The healthcare sector has come under increasing fire over recent years. This fire was caused by numerous cybersecurity incidents, from breaches to malware infections affecting critical service delivery. Now the US Department of Homeland Security’s National Cybersecurity and Communications Integration Center (NCCIC) has issued an alert warning that files using the Digital Imaging and Communications in Medicine (DICOM) standard can be abused to hide malware. The DICOM standard is used in virtually all hospitals around the world, including by imaging equipment (CT, MR, ultrasound), imaging information systems (HIS, RIS, PACS), and peripheral equipment (workstations and 3D printers). The vulnerability in DICOM type files was discovered by Cylera’s Markel Picado Ortiz, who has described the flaw as a “fundamental design flaw.”
According to the NCCIC successful exploitation of this design flaw, which has been publically announced and has been given a CVE designation of CVE-2019-11687, could allow an attacker to embed executable code into image files used by medical imaging devices. Further, malicious code embedded within such image files which results in a Windows executable will not interfere with the readability and functionality of the DICOM imagery. This could potentially make the detection of malware harder and promote malware persistence on infected devices.
The flaw is not remotely exploitable but given how the healthcare sector has been under siege recently that does not make the flaw any less serious. Given that the sector has been criticized for weak cybersecurity policy and implementation, and the prices medical records can fetch the severity of the flaw should not be underestimated. Cylera in a blog post further stated that,
“By exploiting this design flaw attackers can take advantage of the abundance and centralization of DICOM imagery within healthcare organizations to increase stealth and more easily distribute their malware, setting the stage for potential evasion techniques and multi-stage attacks.

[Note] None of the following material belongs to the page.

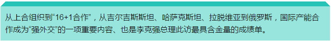 两年前,李克强与哈萨克斯坦总统纳扎尔巴耶夫会谈,两位领导人将中国优势产能与哈国基础设施需求对接达成“中哈产能合作”计划,由此大大丰富了‘丝绸之路经济带’建设和哈萨克斯坦‘光明之路’新经济政策对接合作的内涵,——这也是国际产能合作概念和外交实践的肇始。难怪有人说,如果一定要在李克强经济外交名片上印什么头衔的话,那么可以印上“国际产能合作的推动者”。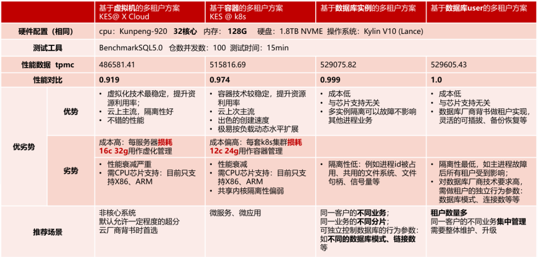 方案全面:从虚拟化、容器到数据库实例、用户级别,提供全方位的多租户解决方案,可根据客户实际需求灵活选择。

Perhaps more interestingly, the fusion of fully-functioning executable malware with HIPAA-protected patient information adds regulatory complexities and clinical implications to automated malware protection and typical incident response processes in ways that did not previously need to be considered. Common incident response procedures could now delete or incidentally leak the ePHI the malware is hiding in.”
As to the actual flaw, Ortiz discovered that a 128-byte section at the beginning of DICOM files often referred to as the preamble, can be used to hide malicious code.
The preamble is included in the DICOM standard as it enables the file to be read and interpreted by DICOM related software as well as non-DICOM software. The preamble stores both the legitimate medical information and the malware if exploited. As mentioned above the medical information included in the preamble is not compromised or degraded, meaning the end user can still access this information thinking nothing is wrong with the file which is potentially harvesting the malware. The blog post published by Cylera, Ortiz describes in detail how the flaw can be exploited and further the researcher includes proof of concept code.
Mitigation and Prevention
The organization responsible for the DICOM standard, the DICOM Security Group, released a press release and a FAQ regarding the flaw last month to inform users of the flaw and what can be done to mitigate the threat. The group stated that,
“The risks of such an exploit can be mitigated. Just as recipients of strange email attachments should be cautious about opening them, programs that process DICOM media files should take precautions. Virus scanning software should scan DICOM media files and not assume DICOM media files are safe. Data import systems should have file execution disabled when reading CD/DVDs.”
Further mitigation strategies suggested by the security group include,
“Just as recipients of strange email attachments should be cautious about opening them, programs that process DICOM media files should take precautions. Virus scanning software should scan DICOM media files and not assume DICOM media files are safe. DICOM files are never intended to hold executable code, so DICOM media files should never be given executable file extensions, and finding an executable code inside a DICOM media file should trigger warning flags…Data import systems should have file execution disabled when reading CD/DVDs. The CDs and DVDs themselves are read-only, and not easy to counterfeit. Media files on a USB stick, email attachments, or shared over the web are only as safe as the associated security systems. For example, the Dental profile for email exchange requires the use of encryption for DICOM files.”
Patient information, including DICOM image files, form part of strict regulatory conditions. These conditions have been defined in legislation such as HIPAA, standing for Health Insurance Portability and Accountability Act, which was designed to protect sensitive patient data by detailing measures to ensure compliance. The above-described flaw, if exploited, could have serious implications for healthcare organizations. If a regulatory body finds that the organization did not do its utmost to protect sensitive patient data they could be fined on top the other fallout that results from a cybersecurity incident. For example, in the US the civil penalty can be fined a maximum of 1.5 million USD per violation. As was suggested earlier by Cylera the accidental release of sensitive patient data while attempting to prevent a malware infection could potentially result in a HIPAA non-compliance issue. Security teams might be prevented from using security tools and services like VirusTotal without jeopardizing patient data adding more complexity to defending against infection. In this regard, prevention is most definitely better than cure.